The report’s main measure is the retail resilience index, a ranking of 250 towns based on 22 economic, demographic and retail property metrics, most of which have been tracked over a 10-year period.
These metrics include retailer demand, leisure spend, floor space density, rental change as well as broader economic indicators such as house prices, catchment demographics, business survival rates and tourism spend.
Ranked according to metrics
Towns have been ranked according to each metric, with the final placing calculated from the sum of the individual rankings. Locations have then been assigned a town tier (1 to 5, of which 1 is the highest) based on their overall ranking, to enable a comparison with similar locations.
On an individual town basis, Cambridge, Guildford, Bath, Chichester and Oxford were the high streets that showed the greatest resilience over the past decade. Conversely, Hamilton, Llandudno, Newport, Greenock, Ramsgate and Kilmarnock were at the bottom of the list of 250 sites.
The report highlights a number of towns as having performed better than expected. Cirencester in Gloucestershire, for example, ranks higher than locations of equal size owing to its robust performance on variables relating to the business environment as well as the quality of life index.
Elsewhere, despite being 71st on the list, the small town of Marlow in Buckinghamshire ranks in first place for both rental growth and retailer demand, as a result of its small but wealthy catchment. Further down the ranking, a lack of investment and pressure from competing centres has hindered Gloucester’s performance over the past decade.
Other key findings:
■ Half of destinations in the top two tiers were in the South East and Greater London.
■ Only 19 of the 250 high street locations in the analysis recorded rental uplift over the 10-year period. In the worst-performing towns, rents have rebased by as much as 45%.
■ Commercial property investment volumes in tier-one towns were 367% higher than tier-five between 2007 and 2017, compared with 109% between 1999 and 2006.
■ Comparison tourist spend in tier-one towns is 694% higher than for towns in tier five.
■ House prices in the Home Counties, which account for almost 40% of all locations in tiers one and two, rose by 44% over the 10-year period to the end of 2017, compared with a national average rise of 24%.
■ Residents in tier-one towns are most likely to make a purchase online.
■ Leisure spend densities (£ per sq ft) are the highest in tier two locations.
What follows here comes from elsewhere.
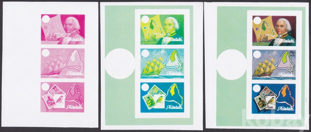 (하늘천) 아이투타키 Sc354 Ausipex 84 세계우표전시회, 뉴사우스웨일즈 주지사 윌리엄 블라이 (1754-1817), 범선 바운티호, 컬러 트라이얼 프루프, 에세이3종

■ The number of passengers travelling through railway stations in tier-one towns increased by 60% over the 10-year period compared with 46% for towns in tiers four and five.
Report author Amy Gibson, Cushman & Wakefield’s senior research analyst, said: “Consumer tastes and needs have evolved over time and it is clear from our analysis that some locations have adapted more effectively than others to the ongoing structural change in the sector.
“Consumers are willing to travel further to seek out new and exciting retail experiences, while simultaneously demanding greater convenience nearer to home.
“This creates opportunities on some of the country’s most challenged high streets to diversify beyond the traditional retail offer and explore alternative uses that are relevant to the needs of the catchment population. Essentially, it is about re-purposing the high street.”
A picture of the UK’s high streets
Darren Yates, Cushman & Wakefield’s head of EMEA retail research & insight, said: “This study reveals where in the UK the high street is doing very well and there are a number of places which are thriving.
“However, profitability in the online era has been a major challenge for retailers, with a number consolidating store estates to reduce costs. The selective nature of demand has created a polarised retail environment, with many operators focusing on key, high-footfall locations.
“For investors, this structural change has made it harder to pick ‘winning’ assets, while the blurring of online and offline has made it increasingly difficult to quantify the value of the store.”